Aim of the task:
Nothing outside the range is to be copied. From the entries below, reproduce exactly the lines starting at the one with "Pressure Gauge, 0" and ending at the one with "视频里的学生名叫阳光,来自孟", without pictures.

Supplied material:
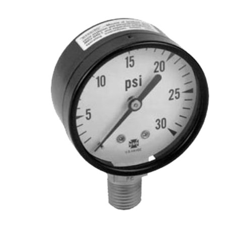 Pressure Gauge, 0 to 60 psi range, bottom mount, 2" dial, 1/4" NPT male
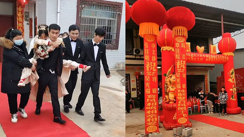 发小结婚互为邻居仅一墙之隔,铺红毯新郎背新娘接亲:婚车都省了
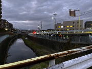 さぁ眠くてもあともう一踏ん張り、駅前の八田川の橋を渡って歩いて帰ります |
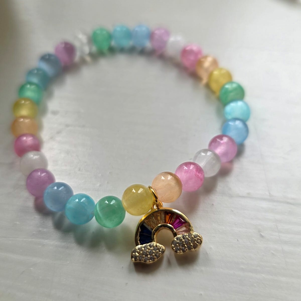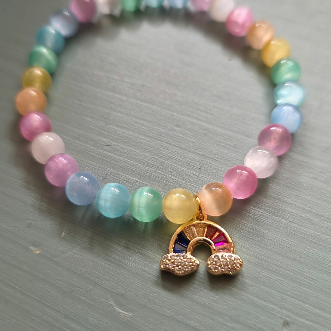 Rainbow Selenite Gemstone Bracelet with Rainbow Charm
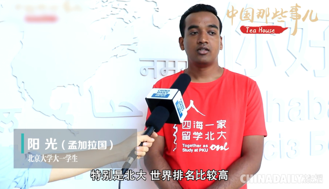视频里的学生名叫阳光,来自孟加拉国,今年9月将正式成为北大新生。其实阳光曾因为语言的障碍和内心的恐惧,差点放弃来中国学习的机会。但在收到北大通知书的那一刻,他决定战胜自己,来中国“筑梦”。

--

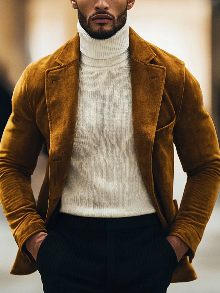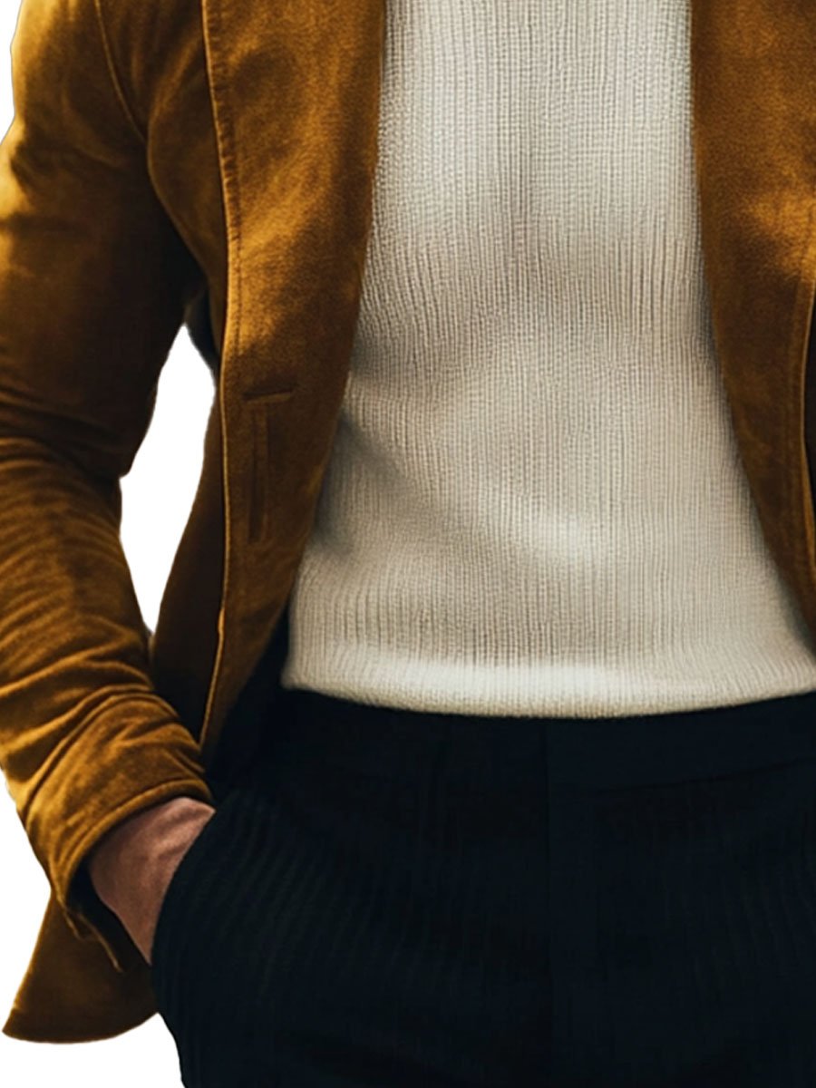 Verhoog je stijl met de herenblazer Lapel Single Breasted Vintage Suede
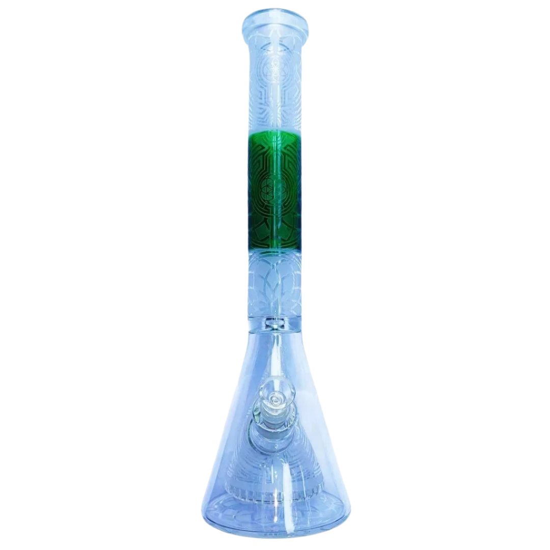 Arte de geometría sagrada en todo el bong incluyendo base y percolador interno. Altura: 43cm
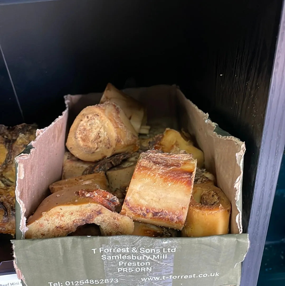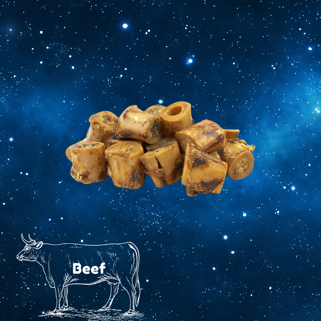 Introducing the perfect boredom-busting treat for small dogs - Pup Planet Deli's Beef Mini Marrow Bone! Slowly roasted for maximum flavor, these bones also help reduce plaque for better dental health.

--

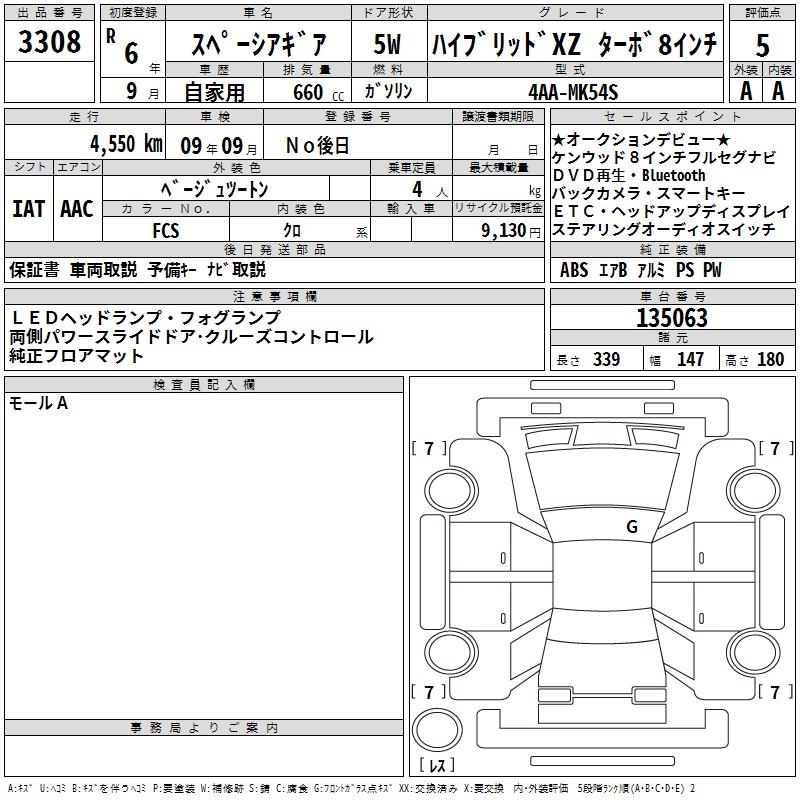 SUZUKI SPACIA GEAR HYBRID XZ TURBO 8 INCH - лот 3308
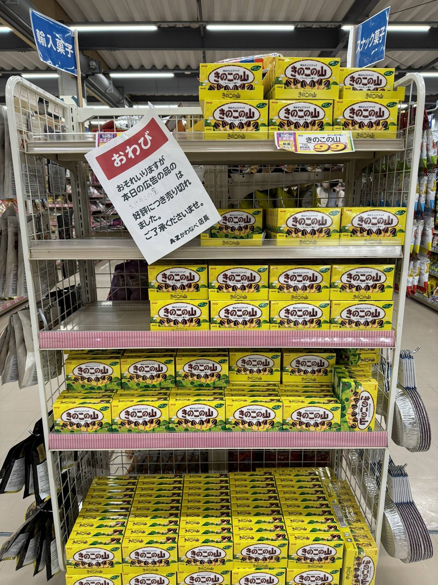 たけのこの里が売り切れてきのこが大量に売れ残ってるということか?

Answer area:
 Pressure Gauge, 0 to 60 psi range, bottom mount, 2" dial, 1/4" NPT male
 发小结婚互为邻居仅一墙之隔,铺红毯新郎背新娘接亲:婚车都省了
 さぁ眠くてもあともう一踏ん張り、駅前の八田川の橋を渡って歩いて帰ります |
 Rainbow Selenite Gemstone Bracelet with Rainbow Charm
视频里的学生名叫阳光,来自孟加拉国,今年9月将正式成为北大新生。其实阳光曾因为语言的障碍和内心的恐惧,差点放弃来中国学习的机会。但在收到北大通知书的那一刻,他决定战胜自己,来中国“筑梦”。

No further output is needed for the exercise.